Pizza Blast Part Two: The Semi Strikes Back

So, when I left off, my three friends and I were being pulled over by the cops.  Everyone, I'm sure, has experience this at least once.  It feels like every organ in your body has liquified and somehow leaked into your stomach, and under the extra weight of this organ smoothy you can feel your stomach sink into your lower intestine.  I sure as hell felt this, but my smoothy was topped with whipped cream made of shame and a cherry artificially flavored with the fear of going to jail.  The carefree times I spoke of at the beginning of this story flew out the window and hit the windshield of a state trooper.

With my window having already been rolled all the way down in order to get the full range of motion needed to obtain the most accurate aim, all I had to do was sit and wait for my short lived life of freedom on the road to come to an end.  I watched in my mirror as two state troopers got out of their car and walked up to the bed of my truck, one on my side and one on the other.  I heard the officer closest to me say, "We can see you hiding. Get up."  Confused at this order, I turned around to se Andrew and Chris, not so cleverly trying to hide under a blanket.  Talk about looking guilty.  Then Aaron, also confused, started to get out of the passenger side.  Before he even had one leg fully out of the truck, the officer on his side reached for his gun and shouted at him to get back in the car.  Hey, what can I say, we were new to this life of crime.

Then the officer came up to my window. Surprisingly, his tone wasn't as stern as I thought it would be.  He simply looked down at me and asked if I knew anything about a piece of pizza that had splattered on his window.  So, being the good Christian boy that I was, I took a deep breath, looked him in the eye, and lied my face off.  I turned my head backwards toward his squad car and with a bewildered look on my face I said, "I have know idea".  I honestly don't remember his reply, I think my intense fear has something to do with my fuzzy recollection of this moment.  The next thing I know he made his way to my accomplices in the back.  At this point I was looking straight ahead.  I only listened to the conversation that was going on behind me.  I guess I was trying to pretend this wasn't happening.

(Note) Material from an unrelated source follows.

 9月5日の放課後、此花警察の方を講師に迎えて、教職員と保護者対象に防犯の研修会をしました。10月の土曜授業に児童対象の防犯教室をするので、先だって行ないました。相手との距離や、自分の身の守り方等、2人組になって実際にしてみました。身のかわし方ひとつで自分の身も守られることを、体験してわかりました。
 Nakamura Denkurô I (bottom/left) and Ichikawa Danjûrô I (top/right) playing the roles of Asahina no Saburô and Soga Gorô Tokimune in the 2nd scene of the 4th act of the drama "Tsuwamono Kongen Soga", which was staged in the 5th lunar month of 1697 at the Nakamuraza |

I heard the same question come out of the troopers mouth. I felt a little more at ease hearing this being directed at someone else.  I just sat there frozen, waiting for  an ingenious response from my friends that would get us off scott free.  Unfortunately, Chris didn't provide an answer any better than mine.  "I don't know how that piece of pizza got on your car", was the best thing he could come up with as well. How could this get any worse you might ask?  Well, just as Chris finishes giving his "air-tight" alibi, the semi-truck that I hit pulls up behind the cop car.  

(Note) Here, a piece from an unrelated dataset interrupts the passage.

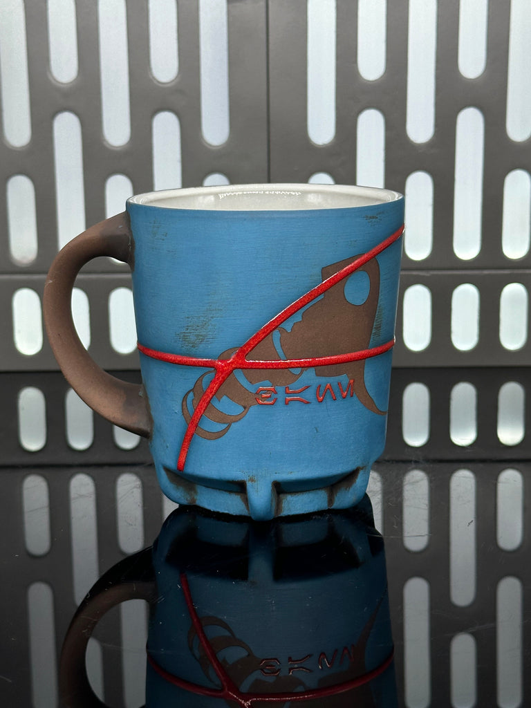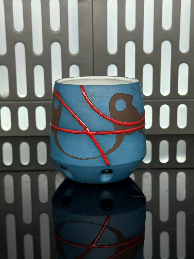 These pieces are inspired by Cad Bane's appearance in The Clone Wars. All pieces will be decorated in blue terra sigillata with a pattern derived from his breathing tubes. Red glaze with orange accents will be used for the lines. The Aurebesh text reads Bane and includes his hat as a symbol. Each piece is unique and will look similar to the picture but the placement of the pattern, lines, text and signet will change location making each piece unique. You can choose from various forms: Mug, Stein, Rocks Cup, Tumbler, Chili Bowl, Planter, and Serving Bowl.
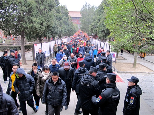 今年岱庙继续实行大年初一初二免费开放的惯例。为做好春节期间各项工作,博物馆提前制定了安全预案,并与公安、消防部门配合,明确分工,精心组织。人流高峰期间,增开东、西掖门及时进行疏导。在重要烧香点增派人手,增加护栏。虽然客流量比较大,但是秩序井然。通过全体员工的共同努力,为广大市民游客创造一个安全、文明、舒适的节日游览环境。

The man who got out of the truck was nowhere near as composed as the state troopers were.  I could hear him yelling before he was even fully out of the cab.  He ran up to the cop ranting and raving about his rig being hit with food.  Then, when he was finished and out of breath, the cop calmly turned back to Chris and asked him again.  "Do you know how a piece of pizza got on his truck?" We all new that the jig was up, and there was no way to get out of this now.  But amazingly Chris was not so eager to give up.  "I don't know how a piece of pizza got on his truck?" he said.  I couldn't believe it.  I almost belted out a laugh but quickly remembered the the situation I was in.  

The officer told the man to get back into his truck, and that they would handle us.  It took a minute for the man to comply, but eventually he headed back toward his ride; cursing America's youth the entire way.  

By this time I had come to the realization that one, I wouldn't be legally allowed to drive again for a long time, and two,  none of us were very clever under pressure.  I was at the point where I knew there was nothing I could do or say to help the situation.  It's like the feeling you get when you are caught in the rain with no shelter in sight.  At first you start running and trying to dodge the millions of drops.  Then, when you realize you're just wasting your energy, you eventually you give up, stop running, and embrace the storm that you're caught in.   It's actually a very peaceful moment.  

The officers proceeded to lecture us on the possible consequences of our stupidity, of which I am now in total agreement with.  They talked hypothetically of a driver swerving off the road and into a tree, because they were startled by pizza hitting their wind shield.  I thanked God that was not what had happened.

I don't remember there being much talk on the rest of the ride home.  Each of us were contemplating the events of the evening and how worse the night would have been had something happened to one of the drivers we hit.  It was a very sobering thought and a very very quiet ride home.  We were silent, sorry, but very thankful, and not just for the fact that we weren't the cause of someone's death.  The surprising truth is that, when we reached Andrew's house, I still had my license (the officer never even asked to see it!),  and Chris was the recipient of a ticket for littering.  He had to pay a fine, which we all split, and also had to do community service at the local S.P.C.A, to which I had to drive him.  We gladly took this punishment almost with disbelief, knowing that we were the luckiest kids on the face of the planet. To this day I still can't believe how easy we got off.

The mood eventually returned to normal as we all laid around and watch TV.  We tried to talk about anything else other than what happened earlier.  Then slowly we drifted off to sleep with with thankful hearts and empty stomaches.